Explainer

How Accurate Are AAA’s Travel Forecasts?

Fact-checking the prediction that 31.2 million people will drive to Memorial Day destinations.

Traffic leaves San Francisco at the beginning of the Fourth of July holiday weekend on June 30, 2006, in San Francisco.
Traffic leaves San Francisco at the beginning of the Fourth of July holiday weekend on June 30, 2006, in San Francisco.

Photo David Paul Morris/Getty Images

The automobile advocacy organization AAA forecasts that 31.2 million people will drive to their Memorial Day destinations this weekend, up 0.25 percent from last year. Media outlets announce the AAA road travel prediction for most holiday weekends. How accurate are they?

They’re usually within a couple of million. The AAA holiday travel forecast is based mostly on economic conditions, including unemployment figures, home values, the stock market, and gas prices. The days and dates on which the holiday falls also factor in, although AAA doesn’t reveal exactly how the data are combined to produce a forecast. Their accuracy is variable. Last year, AAA predicted that 30.7 million Americans would drive to their Memorial Day destinations. Survey data suggests that the actual figure was 31.1 million. The group was also less than a million travelers off in 2011, but it has had a couple of bad years as well. The 2010 forecast missed by 3 million, an error of more than 10 percent. The 2008 forecast was off by 5.6 million travelers, or a whopping 18 percent. There doesn’t seem to be an obvious bias—the Memorial Day forecast has been both above and below the actual travel results in recent years.

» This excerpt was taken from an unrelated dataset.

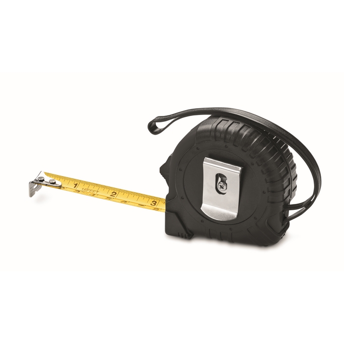 3M measuring tape in recycled ABS. Including hand strap and silver metal clip.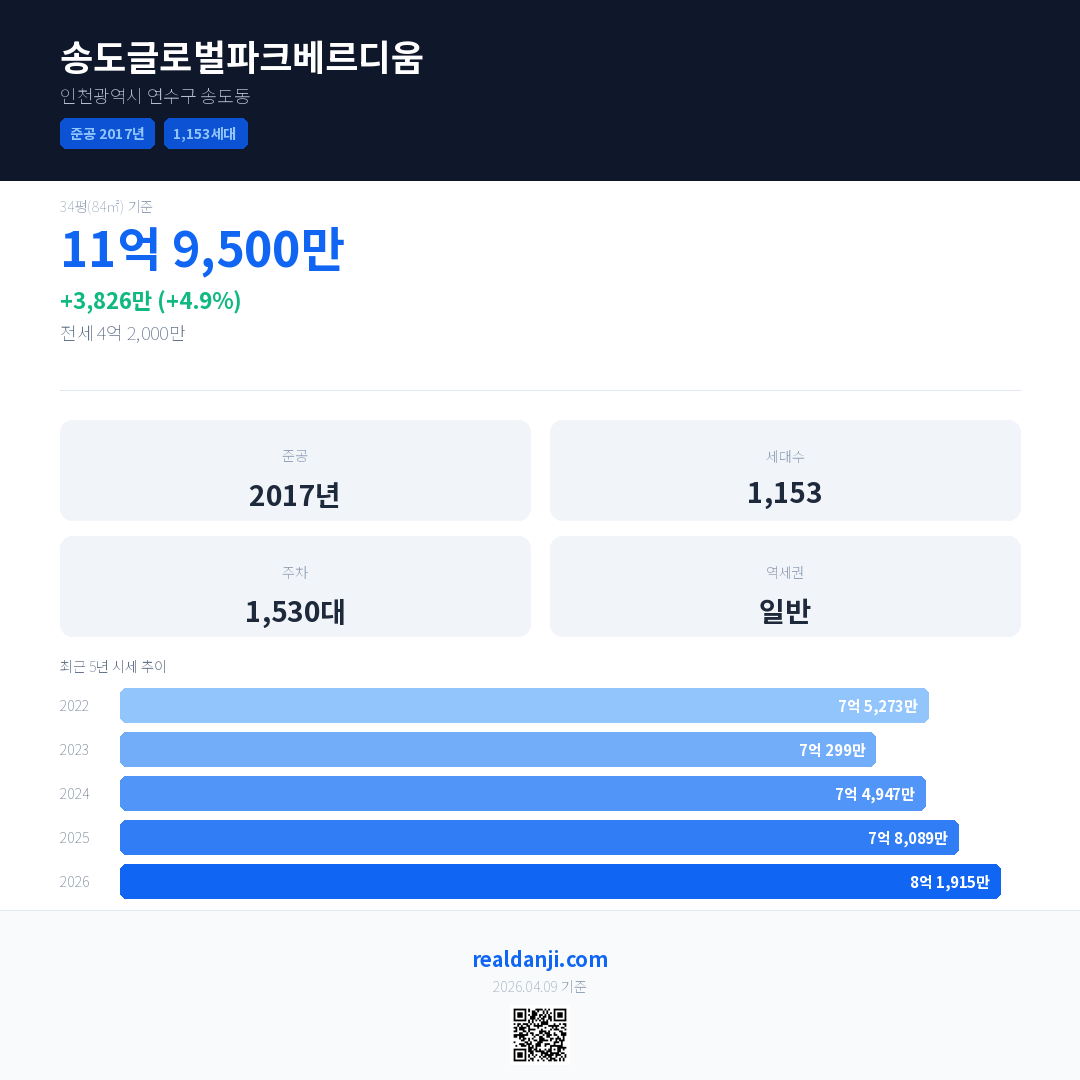 송도글로벌파크베르디움 국민평형 기준 2026년 평균 거래가는 8억 1,915만으로, 전년 대비 4.9% 상승 했습니다.

It’s probably not a great idea to base your weekend travel decisions on the AAA forecast. The group’s predictions relate only to trips of more than 50 miles, so even when they are accurate, they don’t fully reflect traffic congestion. Traffic forecasting is notoriously unreliable, in any event. Researchers have long complained that projections are hopelessly optimistic and consistently wrong. In addition, the best traffic models rely on real-time information, or at least data collected within hours or days. The AAA survey is based on information collected a month before the report is released.